(Dataset records)
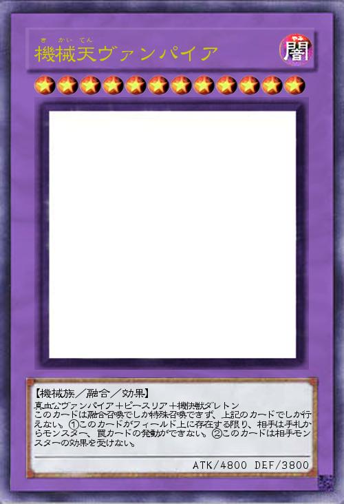| 真血公ヴァンパイア+ピースリア+機快獣ダレトン このカードは融合召喚でしか特殊召喚できず、上記のカードでしか行えない。①このカードがフィールド上に存在する限り、相手は手札からモンスター、罠カードの発動ができない。②このカードは相手モンスターの効果を受けない。 | |||
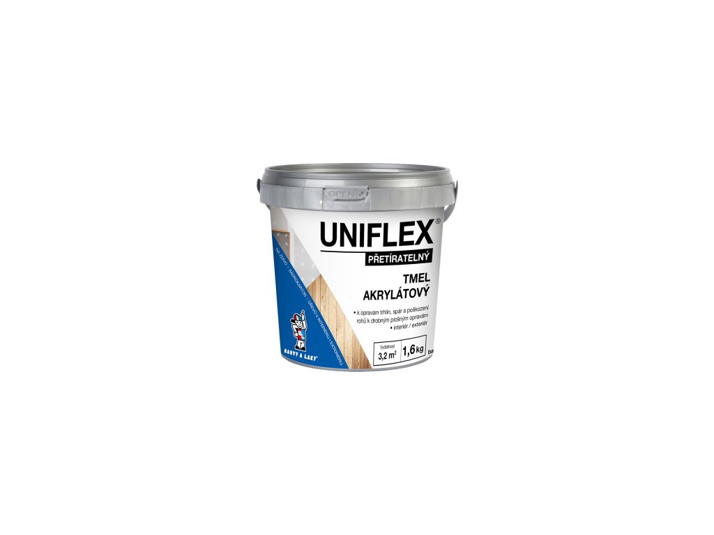 Akrylátový pastovitý tmel k drobným opravám zdiva, sádrokartónu a dřeva v interiéru i exteriéru. Uniflex tmel či lepidlo určené na tmelení středních a větších nerovností, vynikající přilnavost na většině povrchů, především na kov, ocel, kámen, beton, dřevo atd., přetíratelný, pro vnitřní i venkovní použití.
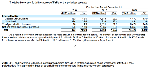 “通過醫(yī)療眾籌、互助平臺和保險市場,我們構(gòu)建了一個龐大的社會保障和支持網(wǎng)絡(luò),提高了人們的保險意識。”水滴公司在招股書中介紹,“我們的醫(yī)療眾籌業(yè)務(wù)將大量流量引向我們的保險市場。2018年、2019年和2020年實現(xiàn)的FYP(first year premium,首年保費)約46.5%、23.0%和13.0%來自水滴的醫(yī)療眾籌平臺。”
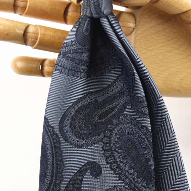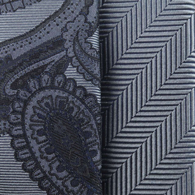 | 素材特徴 | 大剣:ミディアムグレー(ペイズリー) 小剣:ミディアムグレー(ヘリンボーン無地) 光沢が美しい特注の最高級シルク糸を使い、京都丹後地区の旧式レピア織機でゆっくりと織り上げたこだわりの国産生地。 一般的な高速織機で織る平面的な生地と比べ、独特なハリとコシを持ち、ふっくらとした独自の風合いが魅力です。 締めやすく陰影の美しいディンプルが堪能できます。 |
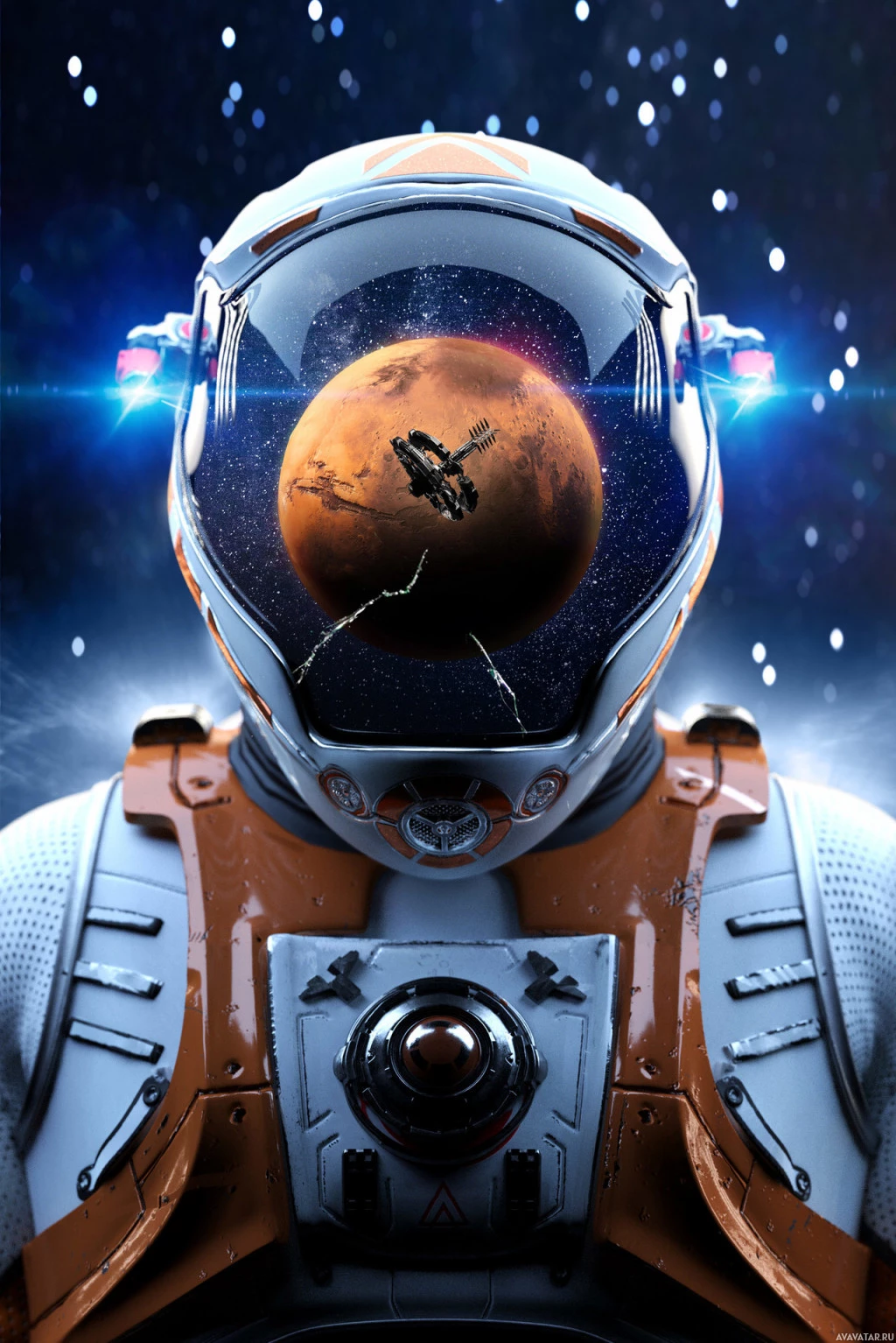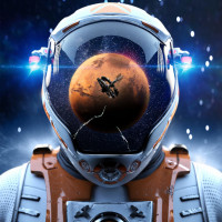 На картинке изображен астронавт в скафандре с планетой Марс, видимой через козырек шлема. Это художественное представление, вероятно, должно символизировать исследования, путешествия или космическую науку.
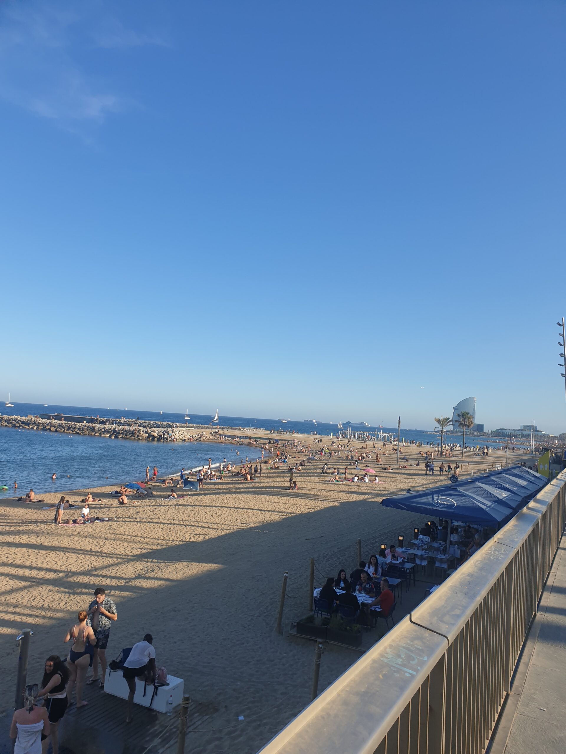 Barcelona nu este numai o destinatie excelenta de city break. Ci poate fi si o destinatie la plaja. In unele cazuri nu mai scumpa decat Mamaia. O plaja accesibila din zona fostului sat olimpic este Nova Icaria. In fapt un mic golfulet dincolo de portul olimpic. Nisip fin, dar intrare cam abrupta in apa. Bonus cateva pietre. O plaja mai celebra este desigur Barceloneta. Situata mai aproape de Rambla si accesibila si cu metroul. Mai lunga si mai bine amenajata. Cu dusuri si alte facilitati. Personal mi s-a parut mai aglomerata si mai murdara… Intrarea in apa tot abrupta, dar fara pietricele.
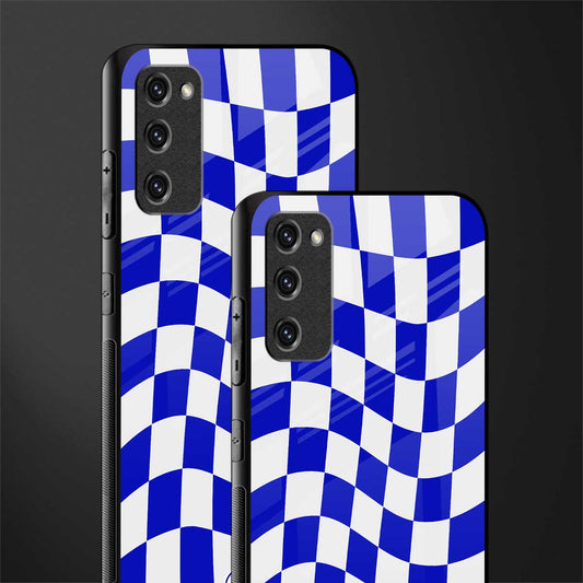Blue White Trippy Check Pattern Phone Case for Samsung Galaxy S20 FE | Glass Case

*TASK DESCRIPTION*:
Exact copy, pictures excluded: from the line with "Akrylátový pastovitý tmel" up to and including the line with "На картинке изображен" in the data above.

*YOUR RESPONSE*:
 Akrylátový pastovitý tmel k drobným opravám zdiva, sádrokartónu a dřeva v interiéru i exteriéru. Uniflex tmel či lepidlo určené na tmelení středních a větších nerovností, vynikající přilnavost na většině povrchů, především na kov, ocel, kámen, beton, dřevo atd., přetíratelný, pro vnitřní i venkovní použití.
 “通過醫(yī)療眾籌、互助平臺和保險市場,我們構(gòu)建了一個龐大的社會保障和支持網(wǎng)絡(luò),提高了人們的保險意識。”水滴公司在招股書中介紹,“我們的醫(yī)療眾籌業(yè)務(wù)將大量流量引向我們的保險市場。2018年、2019年和2020年實現(xiàn)的FYP(first year premium,首年保費)約46.5%、23.0%和13.0%來自水滴的醫(yī)療眾籌平臺。”
 | 素材特徴 | 大剣:ミディアムグレー(ペイズリー) 小剣:ミディアムグレー(ヘリンボーン無地) 光沢が美しい特注の最高級シルク糸を使い、京都丹後地区の旧式レピア織機でゆっくりと織り上げたこだわりの国産生地。 一般的な高速織機で織る平面的な生地と比べ、独特なハリとコシを持ち、ふっくらとした独自の風合いが魅力です。 締めやすく陰影の美しいディンプルが堪能できます。 |
 На картинке изображен астронавт в скафандре с планетой Марс, видимой через козырек шлема. Это художественное представление, вероятно, должно символизировать исследования, путешествия или космическую науку.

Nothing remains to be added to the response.